Segment Start: AVAILABLE DATA

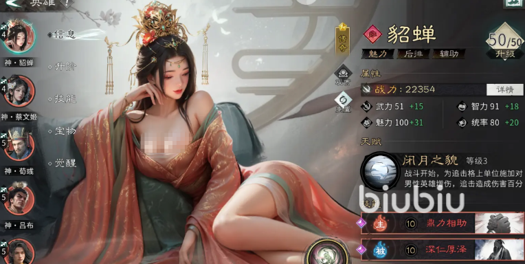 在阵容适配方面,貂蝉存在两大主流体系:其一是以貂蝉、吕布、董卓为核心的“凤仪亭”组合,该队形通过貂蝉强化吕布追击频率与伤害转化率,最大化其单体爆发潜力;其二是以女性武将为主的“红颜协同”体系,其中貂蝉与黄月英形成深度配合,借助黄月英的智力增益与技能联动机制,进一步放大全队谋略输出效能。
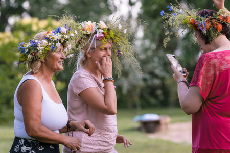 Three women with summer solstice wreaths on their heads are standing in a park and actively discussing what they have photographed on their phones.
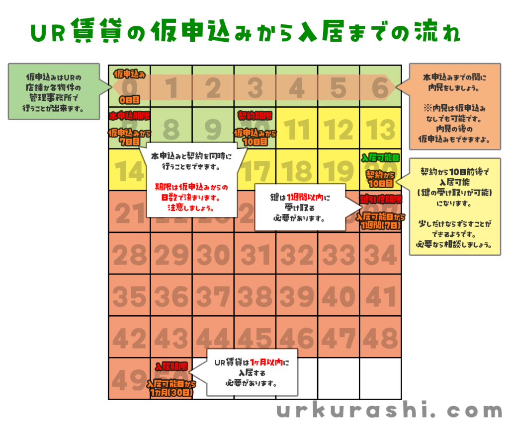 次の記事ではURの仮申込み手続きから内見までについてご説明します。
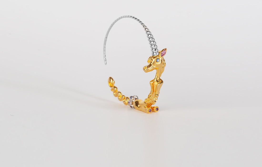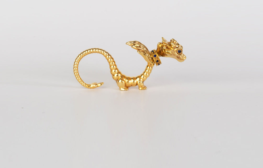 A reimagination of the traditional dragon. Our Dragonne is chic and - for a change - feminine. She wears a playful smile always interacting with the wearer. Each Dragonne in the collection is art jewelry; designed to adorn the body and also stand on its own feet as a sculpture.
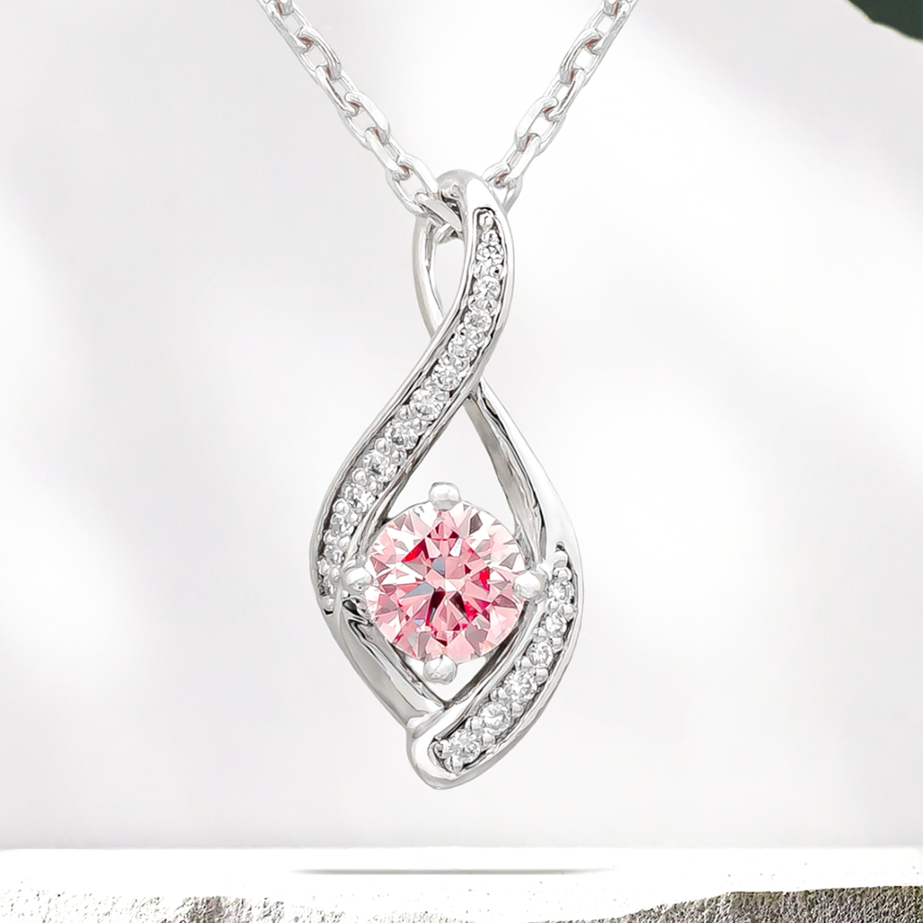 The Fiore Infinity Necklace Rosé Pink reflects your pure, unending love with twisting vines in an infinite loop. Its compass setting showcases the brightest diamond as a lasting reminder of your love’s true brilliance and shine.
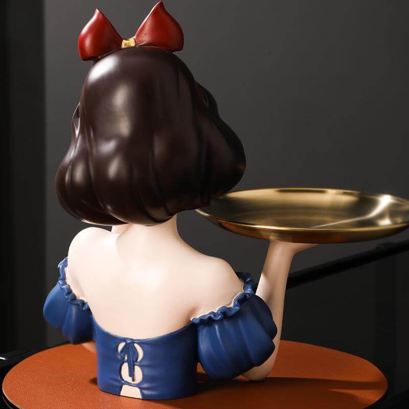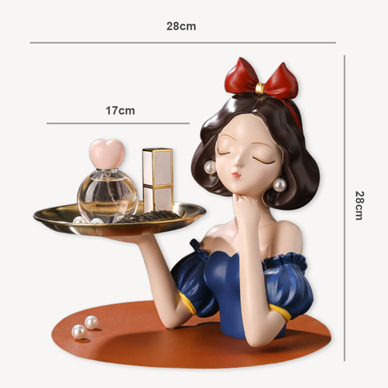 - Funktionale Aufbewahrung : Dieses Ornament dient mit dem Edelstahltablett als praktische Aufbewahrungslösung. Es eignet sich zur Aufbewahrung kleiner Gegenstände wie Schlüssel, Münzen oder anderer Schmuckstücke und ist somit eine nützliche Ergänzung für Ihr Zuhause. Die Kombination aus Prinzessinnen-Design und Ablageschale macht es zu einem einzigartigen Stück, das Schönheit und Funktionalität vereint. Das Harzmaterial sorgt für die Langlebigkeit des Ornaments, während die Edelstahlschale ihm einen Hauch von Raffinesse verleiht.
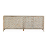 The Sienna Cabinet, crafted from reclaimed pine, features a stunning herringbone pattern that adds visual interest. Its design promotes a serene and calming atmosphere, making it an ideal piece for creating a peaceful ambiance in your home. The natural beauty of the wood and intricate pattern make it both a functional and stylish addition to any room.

Segment End: AVAILABLE DATA

* WHAT THE TASK ASKS
Repeat the records in full, exactly as they appear, without the pictures.

* PROBLEM SOLUTION
 在阵容适配方面,貂蝉存在两大主流体系:其一是以貂蝉、吕布、董卓为核心的“凤仪亭”组合,该队形通过貂蝉强化吕布追击频率与伤害转化率,最大化其单体爆发潜力;其二是以女性武将为主的“红颜协同”体系,其中貂蝉与黄月英形成深度配合,借助黄月英的智力增益与技能联动机制,进一步放大全队谋略输出效能。
 Three women with summer solstice wreaths on their heads are standing in a park and actively discussing what they have photographed on their phones.
 次の記事ではURの仮申込み手続きから内見までについてご説明します。
 A reimagination of the traditional dragon. Our Dragonne is chic and - for a change - feminine. She wears a playful smile always interacting with the wearer. Each Dragonne in the collection is art jewelry; designed to adorn the body and also stand on its own feet as a sculpture.
 The Fiore Infinity Necklace Rosé Pink reflects your pure, unending love with twisting vines in an infinite loop. Its compass setting showcases the brightest diamond as a lasting reminder of your love’s true brilliance and shine.
 - Funktionale Aufbewahrung : Dieses Ornament dient mit dem Edelstahltablett als praktische Aufbewahrungslösung. Es eignet sich zur Aufbewahrung kleiner Gegenstände wie Schlüssel, Münzen oder anderer Schmuckstücke und ist somit eine nützliche Ergänzung für Ihr Zuhause. Die Kombination aus Prinzessinnen-Design und Ablageschale macht es zu einem einzigartigen Stück, das Schönheit und Funktionalität vereint. Das Harzmaterial sorgt für die Langlebigkeit des Ornaments, während die Edelstahlschale ihm einen Hauch von Raffinesse verleiht.
 The Sienna Cabinet, crafted from reclaimed pine, features a stunning herringbone pattern that adds visual interest. Its design promotes a serene and calming atmosphere, making it an ideal piece for creating a peaceful ambiance in your home. The natural beauty of the wood and intricate pattern make it both a functional and stylish addition to any room.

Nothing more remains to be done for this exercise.